- **WHAT IS REQUIRED**
Starting with the line that has "Когда не рекомендуется" in the records below and ending with the line that has "Share the bounty", output those lines exactly and nothing more; omit the pictures.

- **SOURCE MATERIAL**
--- START ---

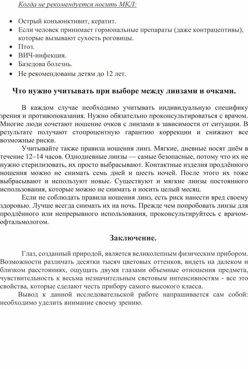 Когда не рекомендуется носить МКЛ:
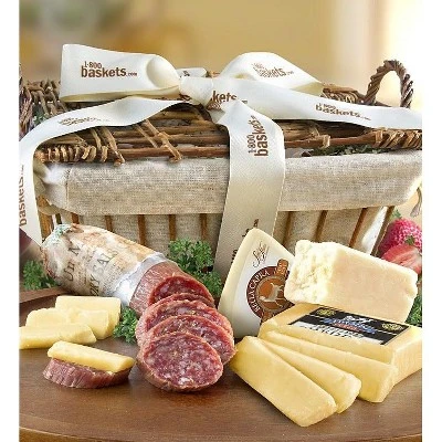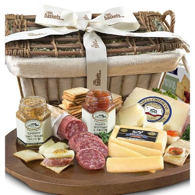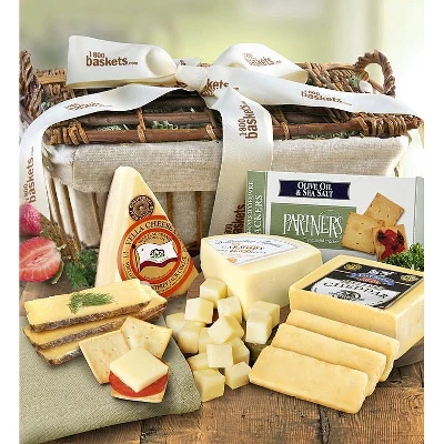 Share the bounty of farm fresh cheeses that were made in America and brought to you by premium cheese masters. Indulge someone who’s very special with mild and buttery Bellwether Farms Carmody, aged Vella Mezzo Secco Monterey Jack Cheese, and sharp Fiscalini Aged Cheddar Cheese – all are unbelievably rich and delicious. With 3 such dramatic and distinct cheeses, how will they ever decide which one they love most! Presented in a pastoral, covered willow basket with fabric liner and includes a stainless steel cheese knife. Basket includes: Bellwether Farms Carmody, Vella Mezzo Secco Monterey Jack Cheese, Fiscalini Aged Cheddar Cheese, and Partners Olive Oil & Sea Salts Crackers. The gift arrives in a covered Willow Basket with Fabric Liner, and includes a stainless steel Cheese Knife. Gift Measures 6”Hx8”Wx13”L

--- END ---
--- START ---

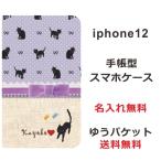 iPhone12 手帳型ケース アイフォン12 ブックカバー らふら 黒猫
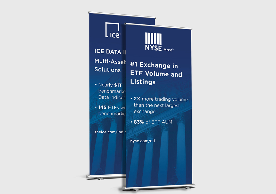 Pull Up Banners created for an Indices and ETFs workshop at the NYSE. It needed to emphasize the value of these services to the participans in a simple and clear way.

--- END ---

- **SOLUTION BELOW**
 Когда не рекомендуется носить МКЛ:
 Share the bounty of farm fresh cheeses that were made in America and brought to you by premium cheese masters. Indulge someone who’s very special with mild and buttery Bellwether Farms Carmody, aged Vella Mezzo Secco Monterey Jack Cheese, and sharp Fiscalini Aged Cheddar Cheese – all are unbelievably rich and delicious. With 3 such dramatic and distinct cheeses, how will they ever decide which one they love most! Presented in a pastoral, covered willow basket with fabric liner and includes a stainless steel cheese knife. Basket includes: Bellwether Farms Carmody, Vella Mezzo Secco Monterey Jack Cheese, Fiscalini Aged Cheddar Cheese, and Partners Olive Oil & Sea Salts Crackers. The gift arrives in a covered Willow Basket with Fabric Liner, and includes a stainless steel Cheese Knife. Gift Measures 6”Hx8”Wx13”L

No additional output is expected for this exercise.